As the number of current ports increases, this voltage drop also increases, and when this exceeds the discharge starting voltage between the electrodes 6, 6, an excited discharge is generated in the discharge gap 9, and its energization instantly causes the electrode 6 to .6 to form a main discharge that conducts a large current, thereby absorbing large current surges.

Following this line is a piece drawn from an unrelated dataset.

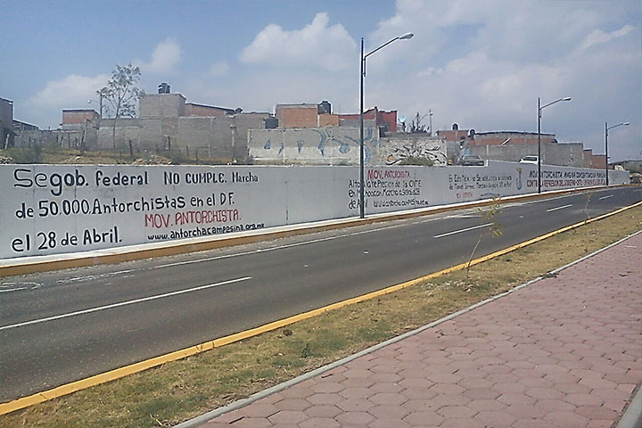 Decenas de pintas han aparecido en territorio michoacano denunciando que la Secretaría de Gobernación federal no cumple los compromisos contraídos con los representantes populares, siendo ello causa de la marcha de protesta que se realizará a Los Pinos el martes 28 de abril, "y vamos a seguir haciendo uso de esta forma de denuncia pública, sin afectar la propiedad privada, y hasta donde sea posible legalmente", explicó el vocero del Movim... Ver más...

[Effects of the Invention] As detailed above, the voltage nonlinear resistor of the present invention is formed by mixing a material mainly composed of Zr and O, which has excellent voltage nonlinear characteristics, and SiC, which has a high varistor voltage. Therefore, it is possible to obtain a high varistor voltage with a small size without significantly deteriorating the nonlinear characteristics, and furthermore, it is possible to reduce costs by reducing the amount of materials used. In addition, since the surge absorbing element of the present invention incorporates the voltage nonlinear resistor with a high varistor voltage, a high clipping voltage that exceeds the test voltage specified by law can be easily achieved even when using a voltage nonlinear resistor with small dimensions. It can be obtained in a small size, and can be provided at low cost.

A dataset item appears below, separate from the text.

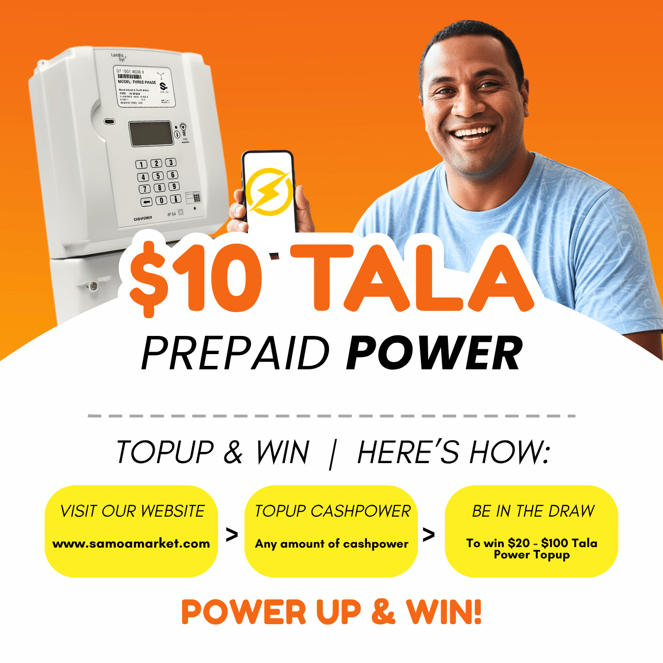 Prepaid Power Voucher - $10 Tala - Must provide Meter Number + Reg. Name to avoid delays (Supplied by Samoamarket.com, Mon-Fri 8am-4.30pm, Sat 8am-12pm (Closed Sundays & Public Holidays)

[Brief explanation of the drawing]

FIG. 1 is a sectional view of a voltage nonlinear resistor according to the present invention, and FIG.
The figure is a graph showing voltage nonlinear characteristics and varistor voltage characteristics with respect to silicon carbide content, and FIG. 3 is a cross-sectional view of a surge absorbing element according to the present invention. 1... Voltage nonlinear resistor, 2... Sintered body, 4...
Surge absorption element, 6.6... Electrode, 7... Airtight container, 9... Discharge gap. Patent applicant: Okaya Electric Industry Co., Ltd.

Claims (4)

[Claims] (1) Zinc oxide is the main component, to which oxides of bismuth, cobalt, manganese and antimony are added to form a mixture, and the mixture and silicon carbide are mixed so that the content ratio of the silicon carbide is 0. .01 to 80 mol % of the voltage nonlinear resistor, characterized in that it is mixed to form a sintered body. (2) The content ratio of bismuth, cobalt, manganese and antimony oxides in the mixture mainly composed of zinc oxide is 0.07 to 4.0 mol% and 0.05 to 4.5 mol%, respectively. , 0.07 to 10.0 mol% and 0.07 to 10.0 mol%.
The voltage nonlinear resistor according to claim 1, characterized in that the content of the nonlinear voltage resistor is 0.05 to 6.0 mol%. (3) A mixture containing zinc oxide as the main component, to which oxides of bismuth, cobalt, manganese and antimony are added, and the mixture and silicon carbide are mixed so that the content ratio of the silicon carbide is 0. Electrodes are connected to both ends of the voltage non-linear resistor to form a sintered body and a discharge gap is formed between the electrodes, and the voltage non-linear resistor and the discharge 1. A surge absorbing element characterized by being sealed in an airtight container with gaps connected in parallel. (4) The content ratio of bismuth, cobalt, manganese and antimony oxides in the mixture mainly composed of zinc oxide is 0.07 to 4.0 mol% and 0.05 to 4.5 mol%, respectively. , 0.07 to 10.0 mol% and 0.07 to 10.0 mol%.
The surge absorbing element according to claim 3, wherein the content is 0.05 to 6.0 mol%.